Kai Wegners selektive Debattenpräsenz polarisiert Berlins Politikszene
Paul WagnerKai Wegners selektive Debattenpräsenz polarisiert Berlins Politikszene
Eine Reihe politischer Debatten in Berlin haben die Abwesenheit des CDU-Spitzenkandidaten Kai Wegner in den Fokus gerückt. Mehrere Diskussionen zu zentralen Themen fanden ohne seine direkte Beteiligung statt. Seine Abwesenheit sorgte zwar für Aufmerksamkeit, war für manche Beobachter jedoch kaum überraschend.
Steffen Krach von der SPD, Elif Eralp von der Linken und Werner Graf von Bündnis 90/Die Grünen diskutierten kürzlich über Bildungspolitik in der Hauptstadt. Vertreten wurde Wegner bei der Veranstaltung des Berliner Bildungsbündnisses von Katharina Günther-Wünsch (CDU). Der Moderator wies darauf hin, dass Krach, Eralp und Graf die Bühne vermutlich bereits zehn- oder elfmal gemeinsam betreten hätten.

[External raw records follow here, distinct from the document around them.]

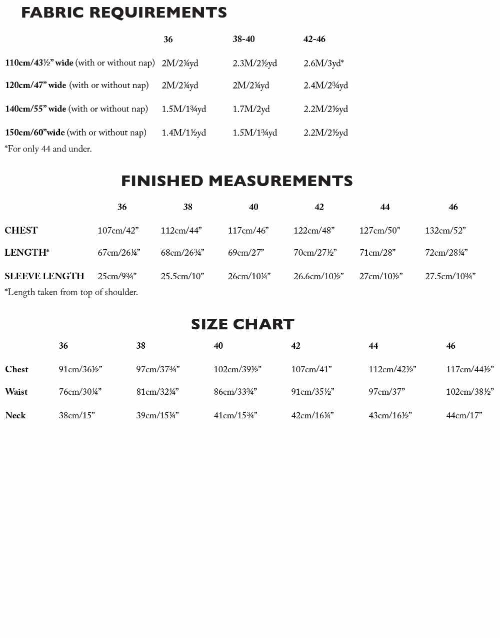 Suggested Fabrics: Linen, linen blends, tencel, tencel/linen, 4-80z denim, cotton chambray, indian handweaves, fine wool or needlecord.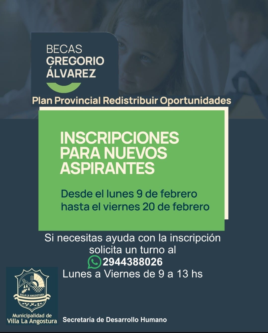 La Municipalidad de Villa La Angostura, a través de la Secretaría de Desarrollo Humano, informa que se encuentran abiertas las inscripciones para nuevos aspirantes al programa Becas Gregorio Álvarez, en el marco del Plan Provincial Redistribuir Oportunidades.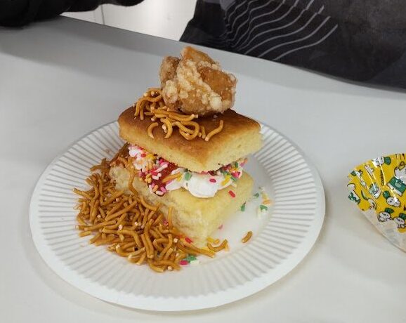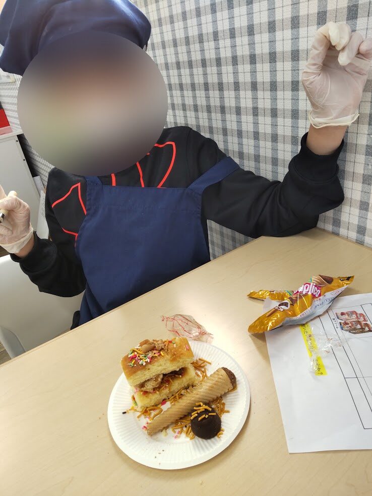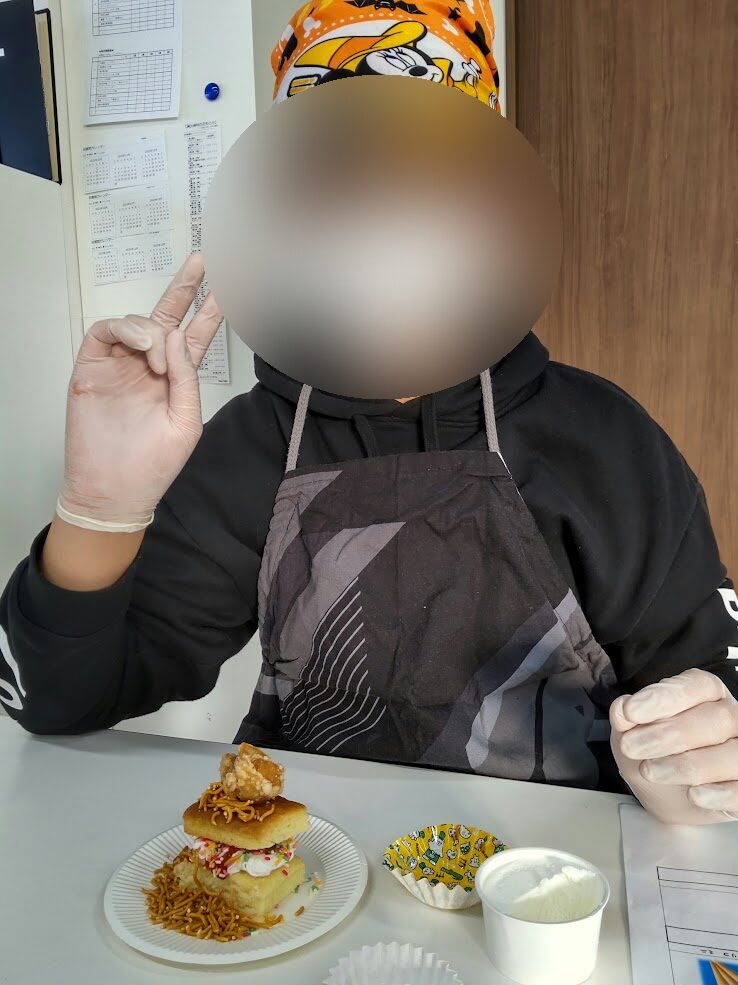 「ケーキに唐揚げ…」とツッコむ職員と、唐揚げを乗せられて嬉しそうな子どもたち😂
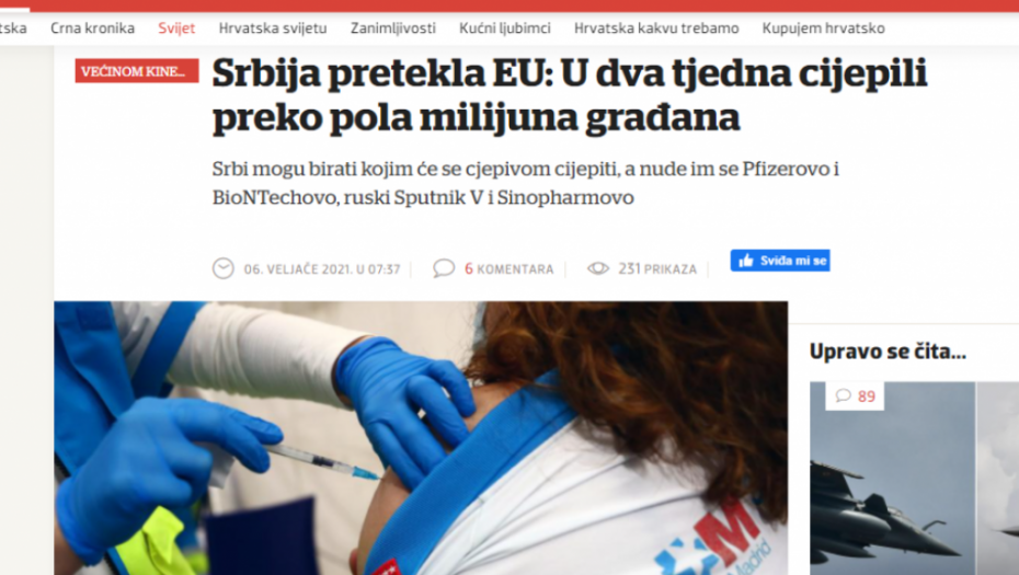 "Pretekli su EU, u dve nedelje vakcinisano više od pola miliona ljudi" Alo.rs/N.A. Vesti 2021-02-06 09:57:21 0 Srbija je postala evropski lider u vakcinaciji svog stanovništva. Printscreen Printscreen večernji, Foto: Printscreen BONUS VIDEO PROČITAJTE JOŠ: Tagovi vakcinacija Srbija Hrvatska Korona koronavirus korona virus društvo povezane vesti OGLASILO SE TUŽILAŠTVO Odloženo izricanje presude Brajanu Volšu 11:47 Hronika 0 IGRA SEZONU KARIJERE Bio je velika nada Zvezde, otišao za 1.200.000 evra, a sada se bori za titulu u komšiluku 11:45 EU popustila pod velikim pritiskom – ništa od zabrane benzinskih i dizel motora, evo detalja 11:42 MAMA MI DOLAZI ZA PRAZNIKE, A JA NEMAM NI DINARA! Kako da joj saopštim da mi je samo teret? 11:42 NOVA GEJ AFERA U ELITI? Filip Đukić u akciji sa ovim muškarcem, isplivao snimak poljupca! (VIDEO) 11:40 Vip 0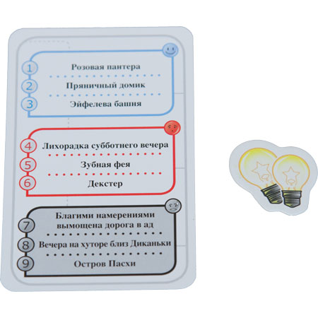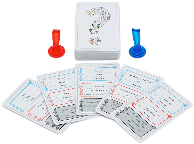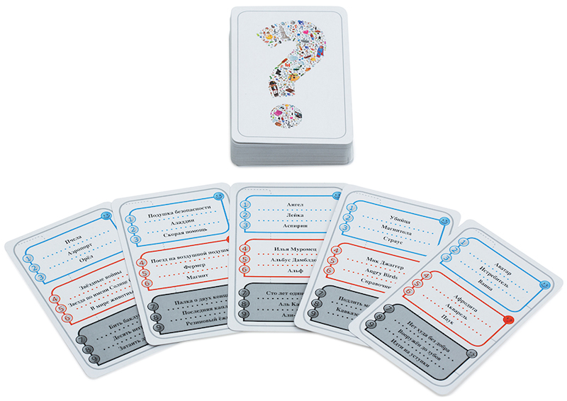 - 110 карт, содержащих по 9 слов или фраз разбитых на 3 уровня сложности;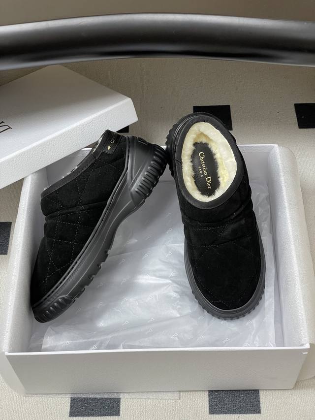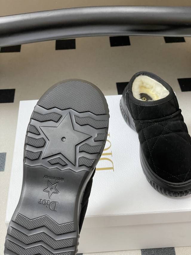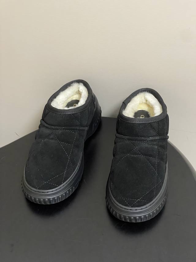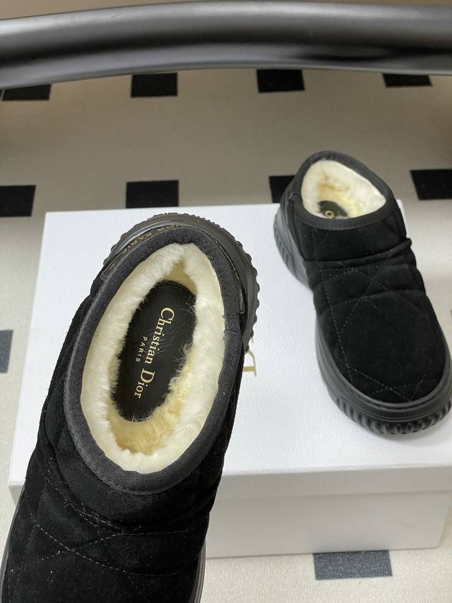 矮帮 -短靴 - DDD Dior Frost 及踝靴藤格纹羊皮毛一体短靴毛毛鞋雪地靴 DDD 这款 Dior Frost 及踝靴融入高订风格,重新诠释雪地靴款式。采用驼色绒面革等材质精心制作,饰以藤格纹图案,米白色羊皮革皮毛一体内部打造舒适穿着体验。后侧饰以同色调皮革镶片,点缀以金色调 Christian Dior paris 标志,轻盈的橡胶鞋底饰以徽标,舒适之余更添精致。 DDD 鞋面:牛反绒 DDD 内里垫脚:羊毛 DDD 鞋底:开模橡胶大底 DDD 码数:35-39 40.41定做不退换 DDD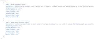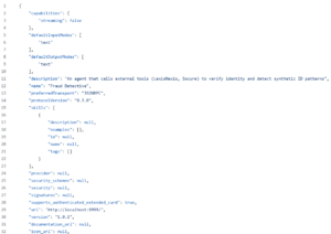 The A2A protocol also supports Extended Authenticated attributes. Here is an example of the A2A Agent Card for the Fraud Detector agent with Extended Authenticated attributes based on the Agent Metadata Specification. This agent card supports robust agent risk assessments. For example, the agent card shows that the agent uses the action_lexisnexis_verify and action_socure_synthetic_score tools.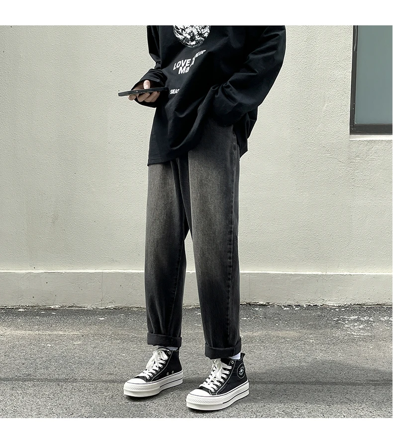 Джинсы LAPPSTER мужские мешковатые, модные брюки из денима в Корейском стиле Харадзюку, винтажные повседневные штаны из денима, черные, 2022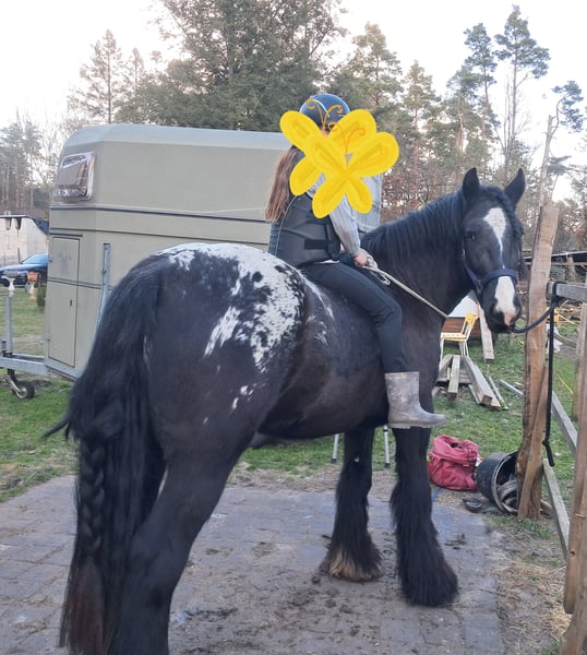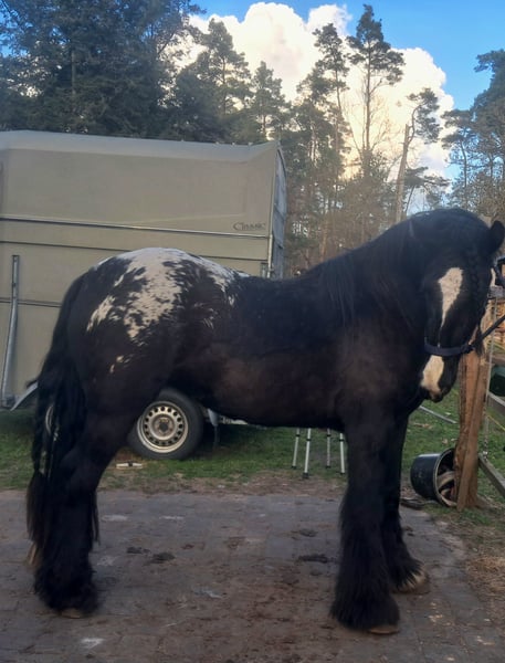 Verkaufe eine bezaubernde Tinker-Stute, geboren im Jahr 2023. Diese junge, vielversprechende Stute besticht durch ihr eindrucksvolles Tigerscheck-Muster, das sofort ins Auge fällt. Mit einem Stockmaß von 153 cm ist sie bereits jetzt gut bemuskelt und zeigt viel Potenzial für die weitere Entwicklung. Die Tinker-Stute ist ideal für den Freizeitbereich geeignet. Sie ist gut sozialisiert, freundlich im Umgang und zeigt sich bei der täglichen Pflege sowie beim Herumtollen im Offenstall stets ausgeglichen und angenehm im Wesen. Ihr robustes Fundament und ihre angenehme Art machen sie zu einer zuverlässigen Begleiterin für alle, die Freude an einem vielseitigen Freizeitpferd haben. Diese junge Tinker-Dame ist perfekt für alle, die auf der Suche nach einem charmanten, gutmütigen Pferd mit viel Charakter sind. Sie bietet eine hervorragende Basis für eine spätere Ausbildung und ist bereit, gemeinsam mit ihrer neuen Familie die Welt zu erkunden. Sie kennt bereits das Auf- und Ab-Sitzen sowie Schritt und Trab. Handpferd, Spaziergänge auch alleine und alles, was auf dem Hof passiert, ist sie immer gelassen und war immer gesund und munter. Schmied ,Hunde ,Traktoren alles kein Problem. Sie hat die Ruhe weg.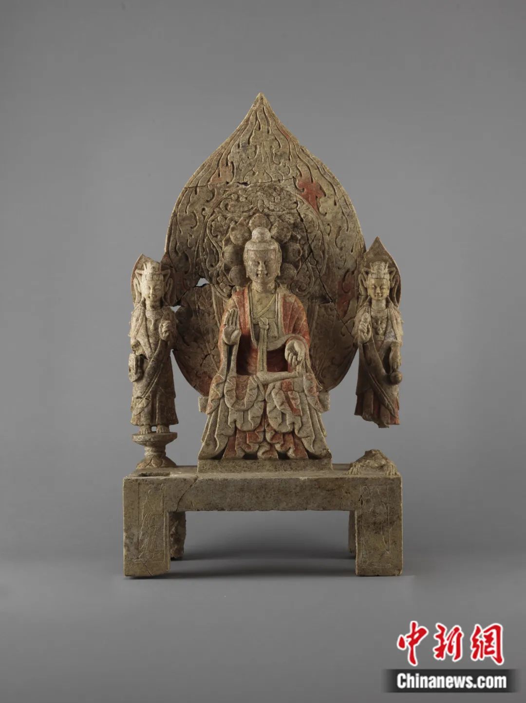 何利群:“譚副造釋迦像”殘高1.28米,主尊高77.7厘米,青石材質(zhì),是一尊一佛二菩薩背屏式造像,通體彩繪貼金。它由數(shù)十件碎塊拼接綴合而成,是鄴城地區(qū)出土時代最早的北魏造像之一,也是其中形體較大的一件。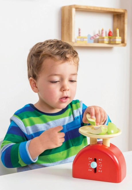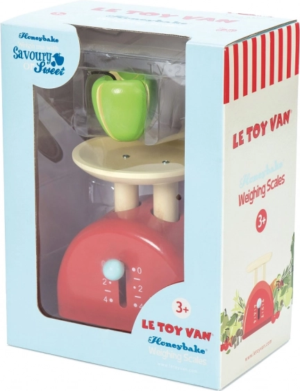 A LE TOY VAN Honeybake kollekció stílusos fa konyhai mérlege tökéletes kiegészítő a gyerekkonyhába vagy boltos játékhoz. Az okos, mozgatható karnak köszönhetően realista mérlegelést kínál, kézzel utófestett vízbázisú, nem mérgező festékekkel, és a készlet része két félbe vágható alma tépőzárral a végtelen játékszcenáriókhoz.
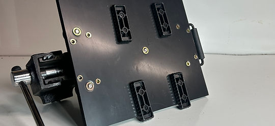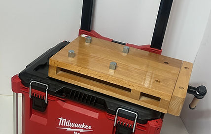 RED 3 1/2" BENCH VISE WITH BLACK PLATFORM COMPATIBLE ONLY WITH MILWAUKEE PACK OUT. CAN ALSO BE USED ON ANY FLAT SURFACE WITH ADDITIONALLY PURCHASED FEMALE CLEATS. CLAMP MOUNTED DEAD BLOW HAMMER 9AS SEEN IN PHOTO), ADDITIONAL $20.00

Wegner ließ zudem Debatten über die Zukunft von Kunst und Kultur, die Prävention von Antisemitismus sowie die Arbeitswelt der Zukunft aus. Bei der Antisemitismus-Diskussion sprang Justizsenator Felor Badenberg für ihn ein. Trotz seiner Absagen bei diesen Veranstaltungen hat Wegner seine Teilnahme an einer Podiumsdiskussion zur Zukunft der Kleingärten bestätigt, die vom Landesverband der Gartenfreunde ausgerichtet wird.
Aus Kreisen der anderen Spitzenkandidaten hieß es, Wegners Fernbleiben sei kaum überraschend gewesen. Es gibt Spekulationen, dass das Kerntrio Krach, Eralp und Graf auch nach der Wahl weiter diskutieren könnte – Wegner hingegen möglicherweise keine weiteren Einladungen erhalten werde.
Wegners Teilnahme an öffentlichen Debatten fällt selektiv aus. Mehrfach wurden seine Vertreter für ihn aktiv. Sein bestätigter Auftritt bei der Kleingarten-Diskussion bleibt sein einziger geplanter Termin unter den jüngsten Veranstaltungen.